Well how about we take a look at how a queen would act?
As a One of many certified coach, I do a lot of work with women using archetypes, to help them connect with their own personal power. The Queen is one of 5 archetypes that I use and she’s often the one that many women feel they need more of in order to step into the leadership of their own lives and careers. So let’s take a look at her and how she deals with boundaries.
We’re not talking divas and tiaras here. I mean a real queen, like our own Queen Elizabeth, a head of state, who makes decisions based on the good of others in her realm and sets clear boundaries with her vision and bigger picture in mind, realising her power can only work its magic if it’s safeguarded and treated with respect.
A queen gets boundaries and she likes them and she also has a great respect for other people’s. She understands her position, and knows that her health and wellbeing are essential for her to do her job properly with boundaries enabling her to keep those priorities on the agenda. She also has no guilt attached to boundaries because she knows exactly why she’s putting them in place and the good they will bring to everyone, not just her. She’s fair and when she says no she means it and she doesn’t back down.
Everyone knows the score. Everyone respects her.
When you understand that boundaries are good for everyone, then that feeling of people pleasing starts to feel less threatened. You can feel more comfortable in understanding that people, especially children, like to have structured rules in place so they know where they stand.
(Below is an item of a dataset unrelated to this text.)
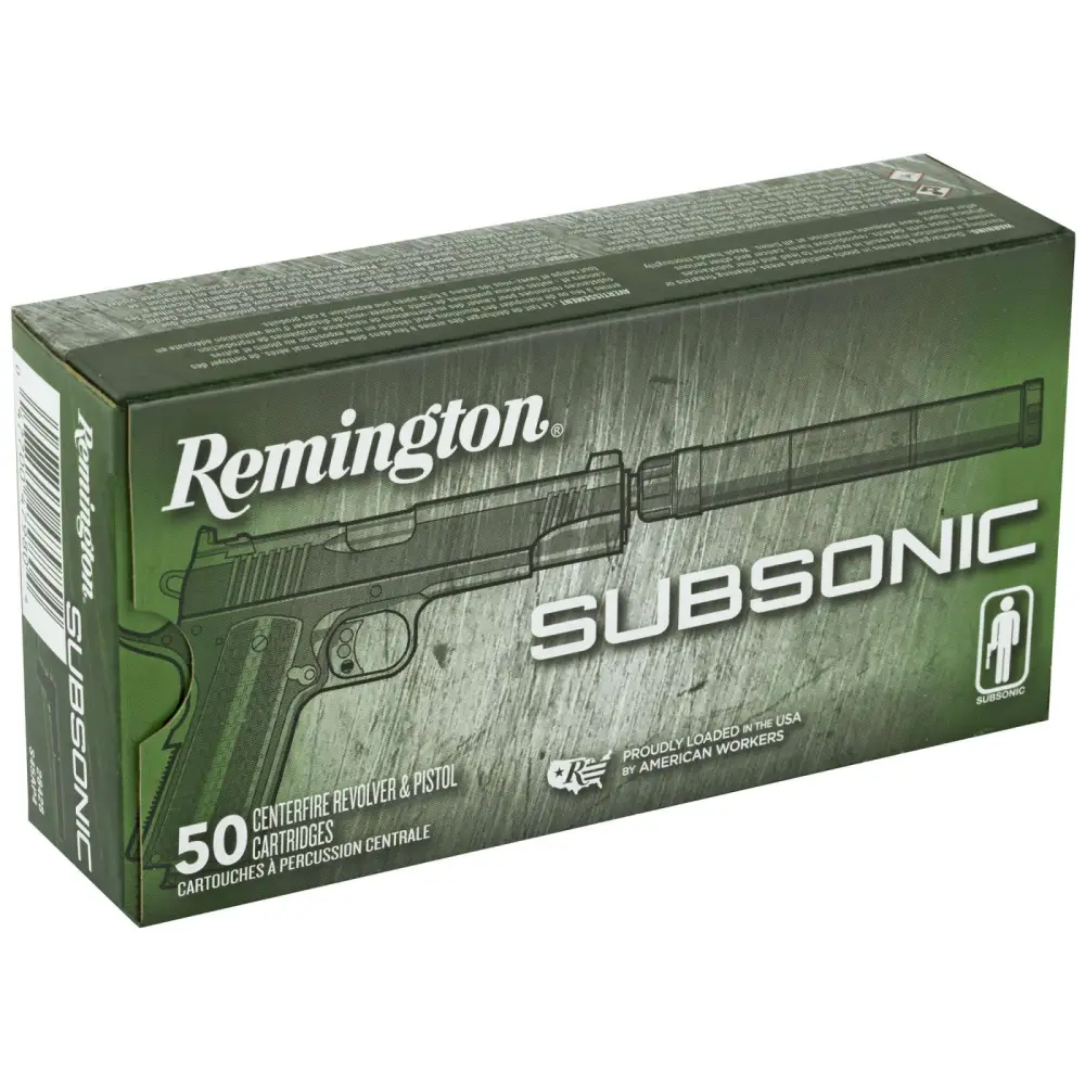 Remington Silencer Subsonic Ammo is the result of a joint development team comprised of Remington & AAC. Specifically designed for optimal performance when paired with a silencer with tight velocity control to eliminate supersonic cracks.
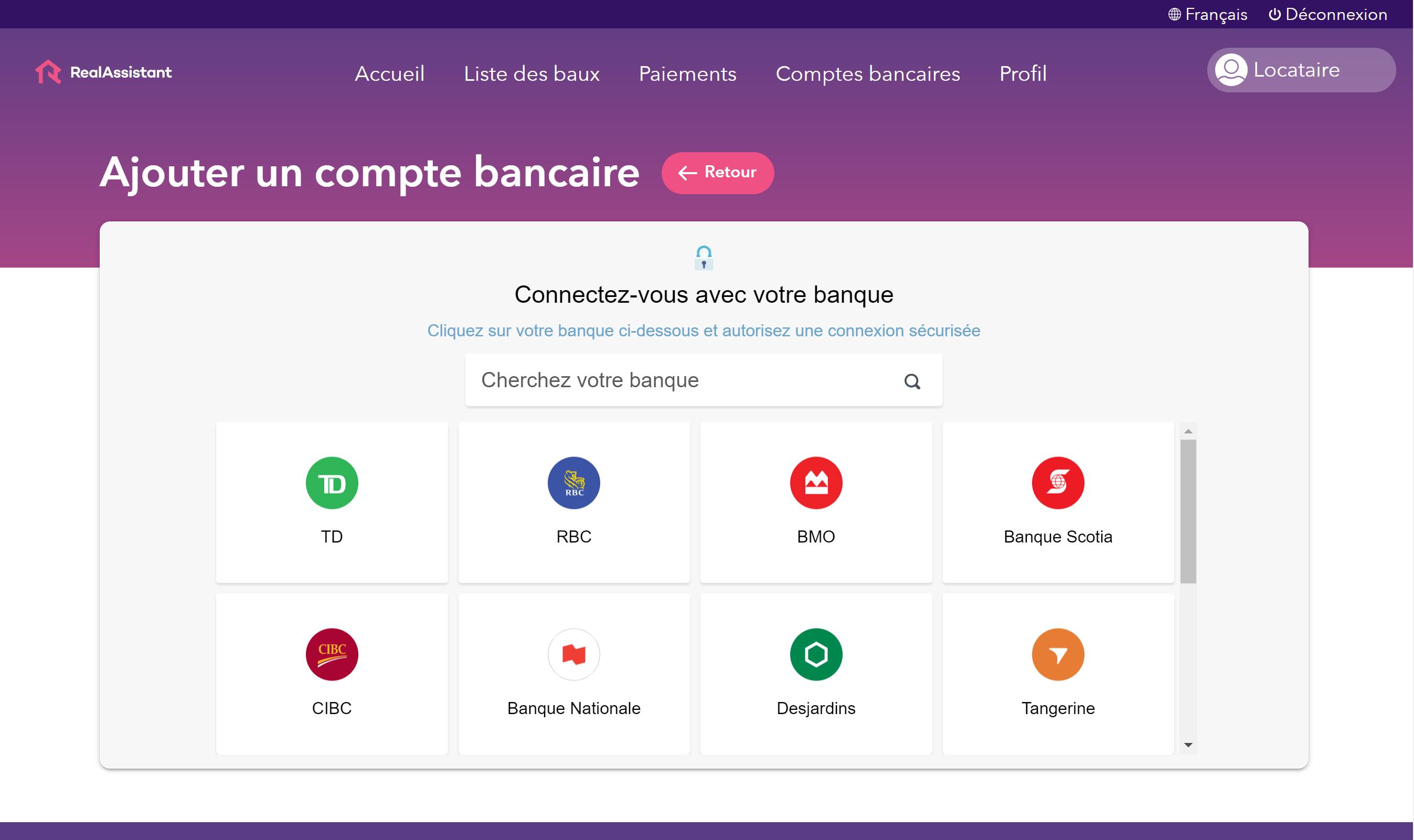 Connectez votre compte bancaire pour traiter rapidement les paiements de loyer en ligne.

That they will respect you for laying down your law and speaking your truth. The more honest you can be with someone as to why you’re putting a boundary in place the more you can help the other person understand why you’re doing it (not the same thing as making excuses to avoid the issue). Being clear and honest lies at the heart of good, effective boundary setting.
So how do you go about setting them in a queenly way?
Keep things simple and don’t over explain things:
- Identify the boundary you want to set
It doesn’t matter that in the past you have let it run wild. You can redefine it at any time. Because you are in charge.
- Say what you need
Again keep it simple and make it easy for the other person to understand. The more confusion there is the less likely you are to get acceptance.
- Don’t over explain it
State why if you want to but you don’t have to.
- Set consequences
These aren’t the same as threats and are there to be clear to the other person of the extent of your boundary
These are the foundations of setting healthy and successful boundaries, but for many of us they are a constant work in progress. When we have so many competing priorities for our time it can be a real juggle to work out where we want and need to be putting ourselves. By regularly checking in with ourselves, noticing when we’ve let them slip, and tuning into why we’re feeling frustrated or annoyed by something or someone, boundary setting can get so much easier once we start to make peace with them, pop on our crowns when the occasion calls and remind ourselves of the bigger picture implications that benefit as a result.
Please repeat after me…
I am not a bad person for telling others what I want and need.
I am a queen in charge of my own personal realm which is valuable to me and to others, and it is my duty to protect myself and those who reside within it.
I am setting boundaries for the greater good and when I’m good, everyone else is too.
So Your Majesty, those boundaries, are they feeling any better now?